Le Enseñé a Decirle Adiós a Su Padre

Después de descubrir que mi esposo, Leonardo Marchetti, no lograba olvidar a su primer amor, empecé a enseñarle a nuestra hija Sofia a llamarlo “tío Leonardo”. Un día, Sofia se torció el tobillo en la escuela. En plena madrugada, Leonardo recibió una llamada: era Valentina quien lloraba al otro lado de la línea porque su hija, Lily, había tenido una pesadilla y no paraba de gritar que quería un padre. Leonardo se fue sin decir una palabra. Mientras le ponía una compresa de hielo en el tobillo hinchado a Sofia, le susurré: —Di “Adiós, tío Leonardo”. Leonardo prometió ir al día deportivo de la escuela de Sofia.
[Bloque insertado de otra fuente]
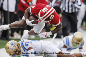 The Hoosiers scored on the next three drives as Roman Hemby scored two rushing touchdowns and Fernando Mendoza found Elijah Sarratt on a 1-yard touchdown pass as the Hoosiers led 28-0 with 8:55 left in the second quarter. Sarratt extended his streak of consecutive games with a reception to 46 and has scored a touchdown in the Hoosiers’ last five games. Indiana caused a Bruins fumble when Jalen Berger was stuffed for no gain and Isaiah Jones forced the fumble and Hosea Wheeler recovered the ball.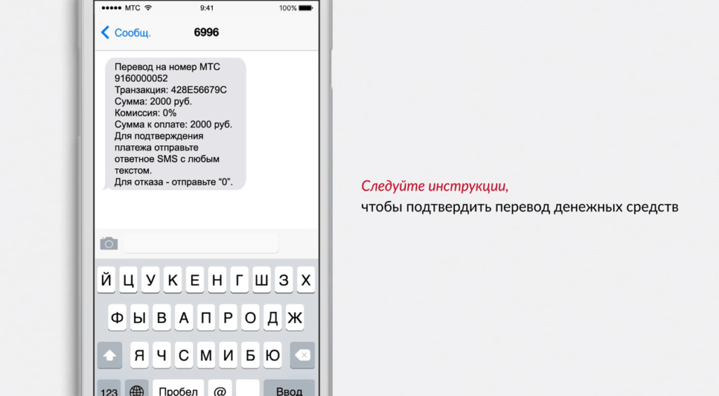 - Вслед за этим вы получите сообщение, которое потребует ваше согласие на выполнение трансфера, дать его можно отправив в ответ СМС с любым содержанием, кроме числа 0.

Entonces llamó Valentina, sollozando que Lily no tenía un padre que corriera con ella la carrera de tres piernas. Él se largó sin pensarlo dos veces. En esa ocasión, solo le pasé el celular a Sofia y le dije que avisara a su maestra: —El tío Leonardo dice que no va a poder venir. Cada vez que pasaba, Sofia dudaba. No entendía por qué la obligaba a hacer eso. Hasta que, un día, Leonardo por fin se dio cuenta de lo mucho que nos había fallado. Dejó de lado todos sus asuntos de la mafia para asistir al recital de piano de Sofia y juró que no se lo perdería. Sofia esperaba tras bambalinas con los demás niños. Entonces vibró el celular de Leonardo. Era Valentina. No alcancé a escuchar lo que dijo, pero podía adivinarlo. Lily lloraba. Lily lo necesitaba. Lily no tenía padre. Leonardo regresó a donde yo estaba. Pero antes de que pudiera empezar con sus excusas, Sofia habló desde el escenario. —Está bien, tío Leonardo. Ve a cuidar a tu otra hija. Con que mamá se quede aquí a verme es suficiente.